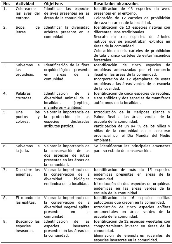 La implementación del sistema de actividades ha posibilitado el incremento de la participación de los niños y niñas de la comunidad en actividades relacionadas con la temática de la conservación del medio ambiente, además se logró la introducción de seis especies autóctonas (ornamentales, maderables, medicinales y frutales) en áreas de la localidad, la eliminación de ejemplares juveniles de especies invasoras y la creación de la Patrulla Pioneril Comunitaria de Inspección Ambiental, se ha incrementado.
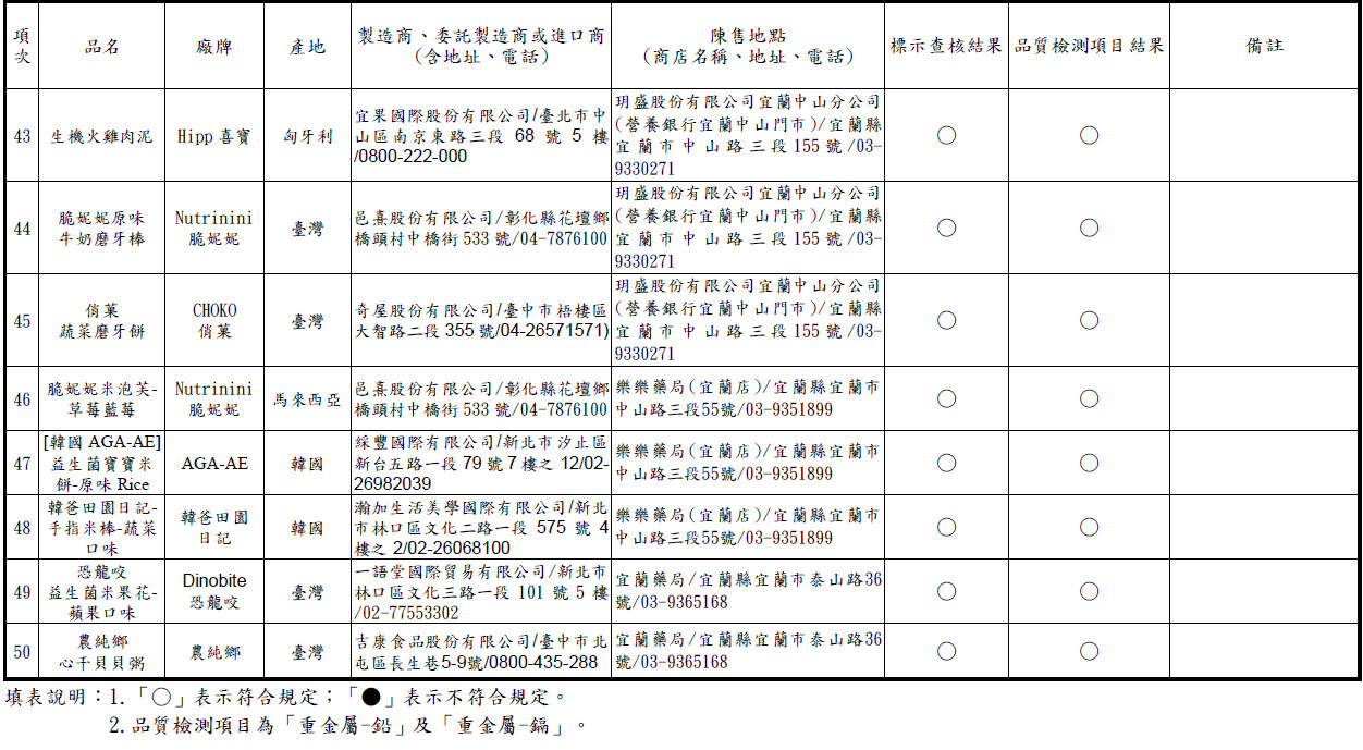 為守護嬰幼兒食品安全與消費者權益,行政院消費者保護處(消保處)針對市售50件市售嬰幼兒食品進行檢測及標示查核,其中標示查核部分全數符合規定;品質檢測部分,「重金屬-鉛」部分,有1件不符合規定,「重金屬-鎘」部分,有4件不符合規定,已由地方衛生機關依法查處並要求業者改善完畢。
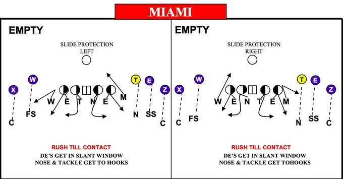 This is a six-on-five blitz against empty sets, where the quarterback is already looking to get the ball out quickly. The defensive line rushes till they get contacted, and once they get touched, they drop back and manipulate the passing lanes for the quarterback.
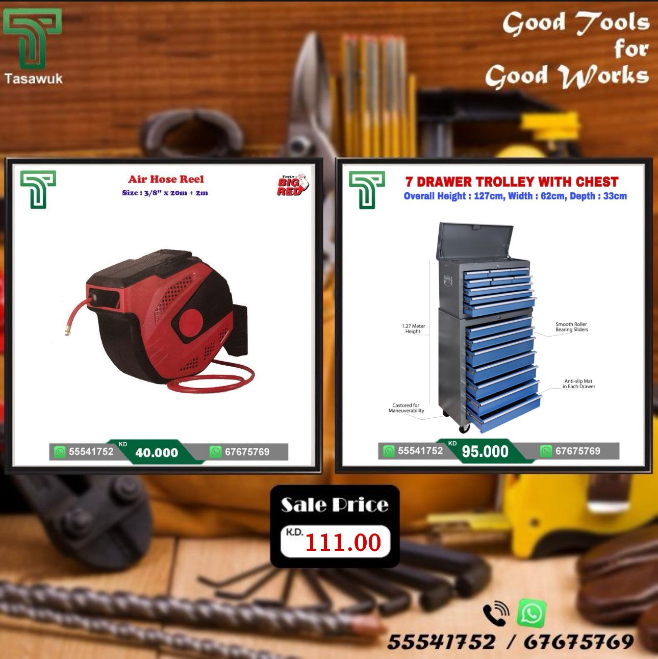 7 Drawer Trolley with 20m Air Hose Reel
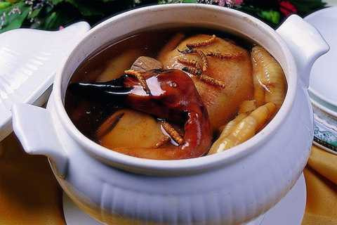 Vịt 1 con, đông trùng hạ thảo 10 g. Vịt làm sạch, đông trùng hạ thảo, gừng, hành cho trong bụng vịt khâu lại, cho muối tiêu, gia vị (thường thêm chút rượu), đặt trong nồi áp suất hoặc nồi cách thủy, thêm ít nước đun nhỏ lửa trong 2 giờ cho chín nhừ.
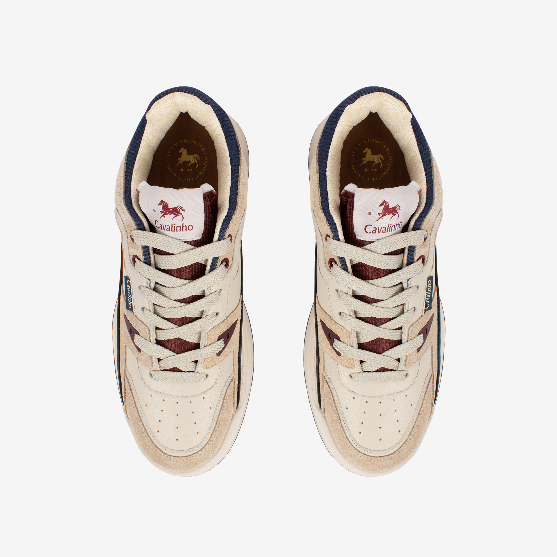 Sapatilhas Revo em pele genuína e acamurçada, na cor bege, com detalhes em bordô e azul. Forro em pele e tecido. Atacadores em poliéster para um ajuste confortável. Fabricado em Portugal.
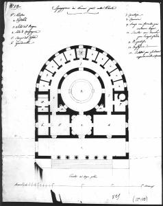 - NOTIZIE STORICO CRITICHE Il disegno fa parte di una serie di 6 tavole relative ad un progetto presentato come prova d'accesso alla pensione romana nel 1815 (?).\nE' conservato nella cartella 12 che raccoglie numerosi saggi di concorsi di I classe della scuola di architettura destinati ad essere restituiti agli allievi e progetti diversi.
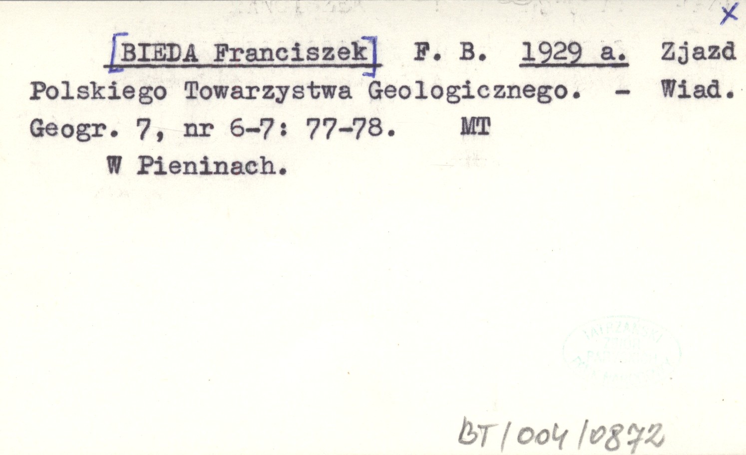 F. B. [BIEDA Franciszek] 1929 a Zjazd Polskiego Towarzystwa Geologicznego.
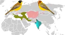| گسترهٔ توزیع تولیدمثلی و زمستانگذرانی زردپره سر سیاه و زردپره سر سرخ | |

#### Required action
A word-for-word copy is required of the lines above from the line with "F. B. [BIEDA" through the last line of the data; no other lines and no pictures belong in it.

#### Task solution
 F. B. [BIEDA Franciszek] 1929 a Zjazd Polskiego Towarzystwa Geologicznego.
| گسترهٔ توزیع تولیدمثلی و زمستانگذرانی زردپره سر سیاه و زردپره سر سرخ | |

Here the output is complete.